• **Activity**
Below, some lines carry pictures; leave those pictures out and retype exactly the lines from the one with "7月15日,管理学院与复星财" through the one with "Общий рейтинг Костылева".

• **Data to process**
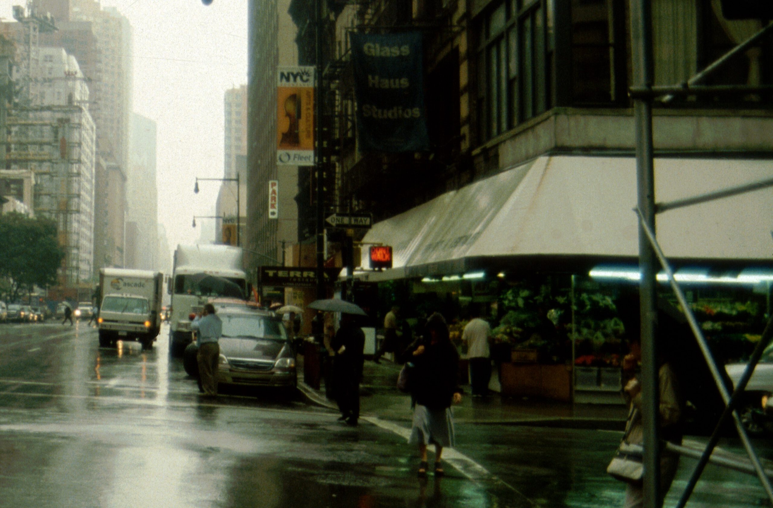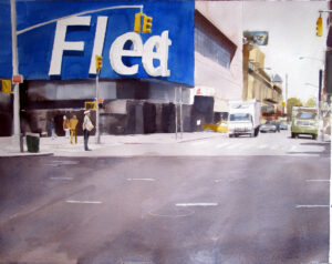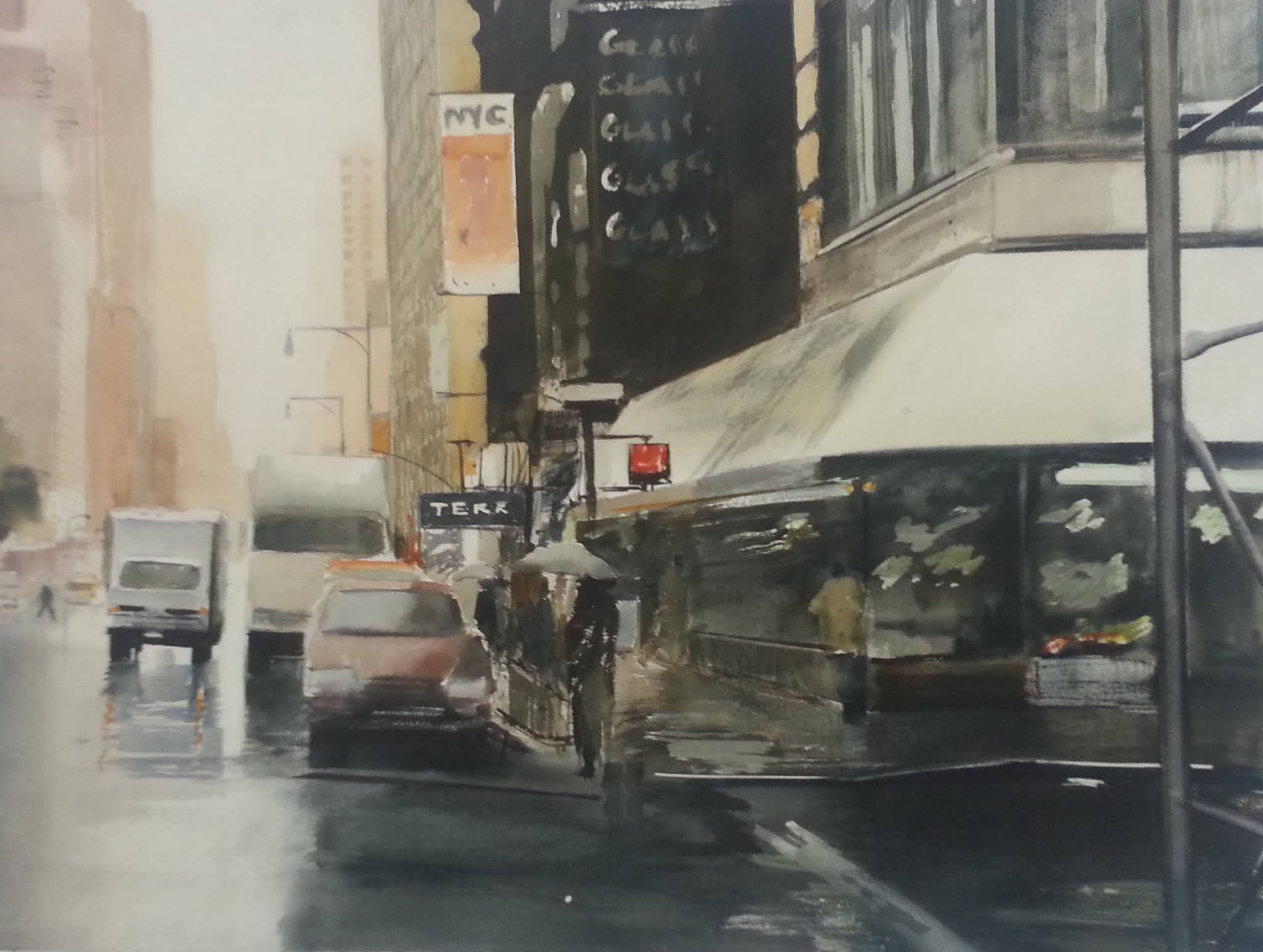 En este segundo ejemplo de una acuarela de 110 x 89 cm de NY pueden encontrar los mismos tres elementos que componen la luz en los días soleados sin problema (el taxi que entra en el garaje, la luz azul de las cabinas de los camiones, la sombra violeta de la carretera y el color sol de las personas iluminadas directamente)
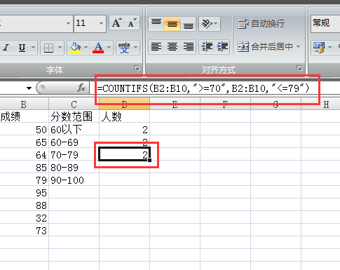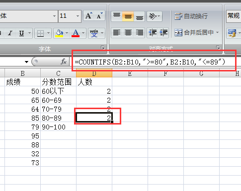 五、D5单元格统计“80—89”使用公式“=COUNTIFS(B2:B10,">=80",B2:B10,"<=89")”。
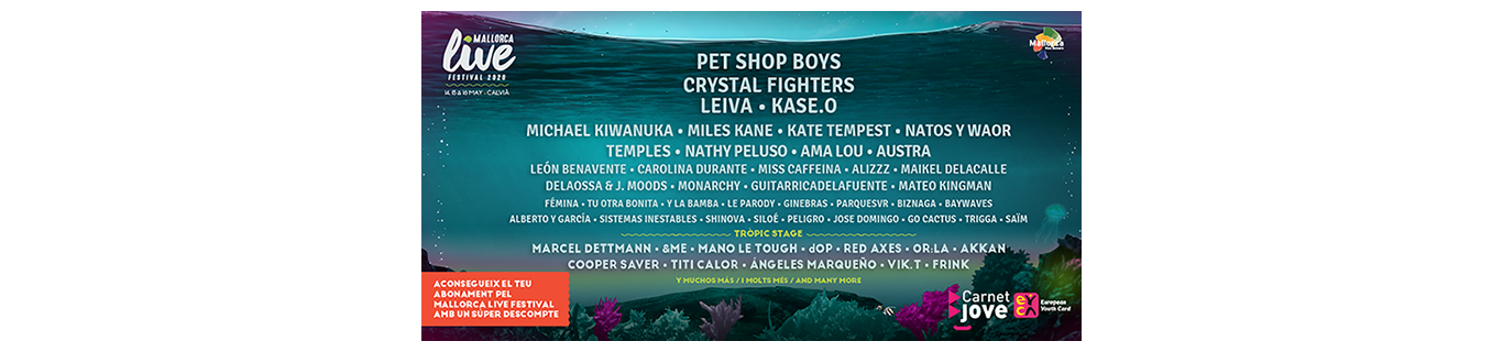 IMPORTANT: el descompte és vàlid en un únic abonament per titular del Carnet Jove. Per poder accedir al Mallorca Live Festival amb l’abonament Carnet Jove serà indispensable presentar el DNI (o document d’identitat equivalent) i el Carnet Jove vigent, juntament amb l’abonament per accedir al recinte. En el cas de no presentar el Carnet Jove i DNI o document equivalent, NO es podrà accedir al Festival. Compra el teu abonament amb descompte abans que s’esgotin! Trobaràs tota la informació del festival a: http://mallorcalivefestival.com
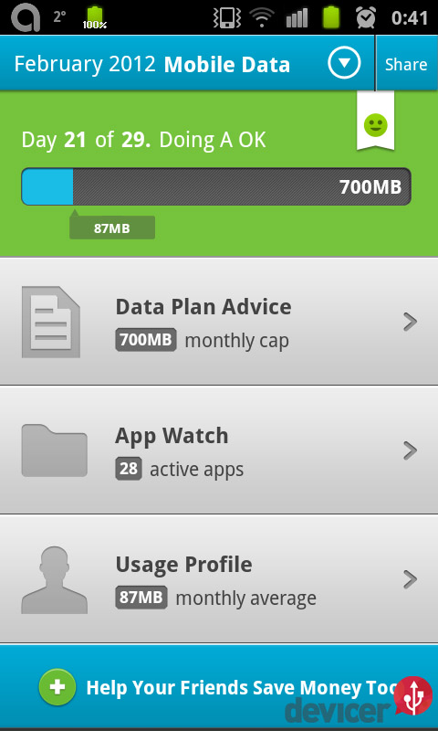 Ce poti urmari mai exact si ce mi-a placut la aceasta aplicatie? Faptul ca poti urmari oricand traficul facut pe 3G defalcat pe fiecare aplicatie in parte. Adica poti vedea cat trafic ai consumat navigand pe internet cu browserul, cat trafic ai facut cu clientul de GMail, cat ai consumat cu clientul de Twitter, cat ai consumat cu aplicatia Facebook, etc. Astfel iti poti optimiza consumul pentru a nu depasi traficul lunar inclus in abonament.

...

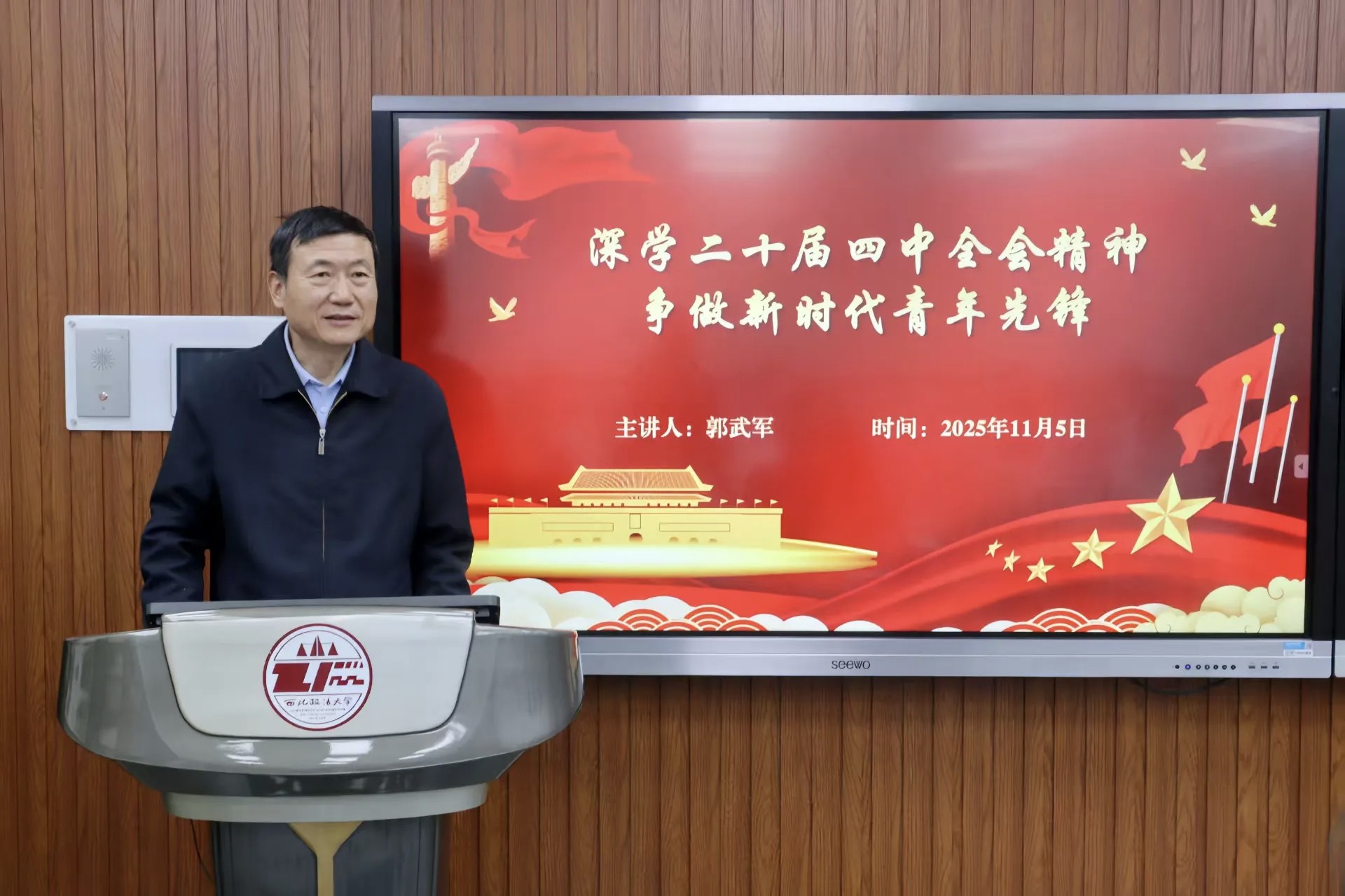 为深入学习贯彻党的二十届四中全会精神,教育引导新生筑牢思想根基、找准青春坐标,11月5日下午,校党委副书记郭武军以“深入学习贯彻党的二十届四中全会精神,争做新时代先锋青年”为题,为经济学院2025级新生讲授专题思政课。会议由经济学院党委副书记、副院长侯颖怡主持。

==

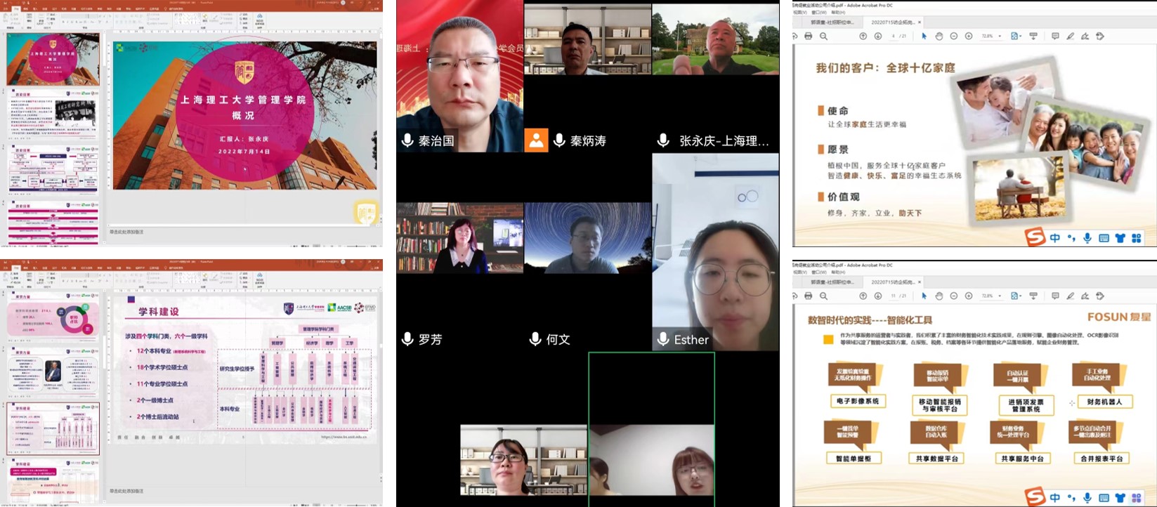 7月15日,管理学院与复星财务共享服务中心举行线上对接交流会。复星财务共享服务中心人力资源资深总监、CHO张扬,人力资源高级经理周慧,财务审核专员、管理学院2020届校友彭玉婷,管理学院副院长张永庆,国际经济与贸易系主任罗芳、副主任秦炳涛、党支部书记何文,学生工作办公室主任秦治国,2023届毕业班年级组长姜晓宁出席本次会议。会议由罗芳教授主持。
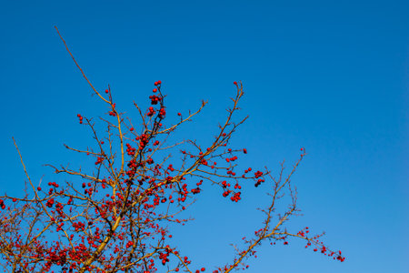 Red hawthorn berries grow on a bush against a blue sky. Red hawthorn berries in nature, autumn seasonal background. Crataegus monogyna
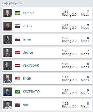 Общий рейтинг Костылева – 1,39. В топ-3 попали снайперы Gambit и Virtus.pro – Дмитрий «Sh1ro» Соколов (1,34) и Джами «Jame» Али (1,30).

• **Solution to the exercise**
 7月15日,管理学院与复星财务共享服务中心举行线上对接交流会。复星财务共享服务中心人力资源资深总监、CHO张扬,人力资源高级经理周慧,财务审核专员、管理学院2020届校友彭玉婷,管理学院副院长张永庆,国际经济与贸易系主任罗芳、副主任秦炳涛、党支部书记何文,学生工作办公室主任秦治国,2023届毕业班年级组长姜晓宁出席本次会议。会议由罗芳教授主持。
 Red hawthorn berries grow on a bush against a blue sky. Red hawthorn berries in nature, autumn seasonal background. Crataegus monogyna
 Общий рейтинг Костылева – 1,39. В топ-3 попали снайперы Gambit и Virtus.pro – Дмитрий «Sh1ro» Соколов (1,34) и Джами «Jame» Али (1,30).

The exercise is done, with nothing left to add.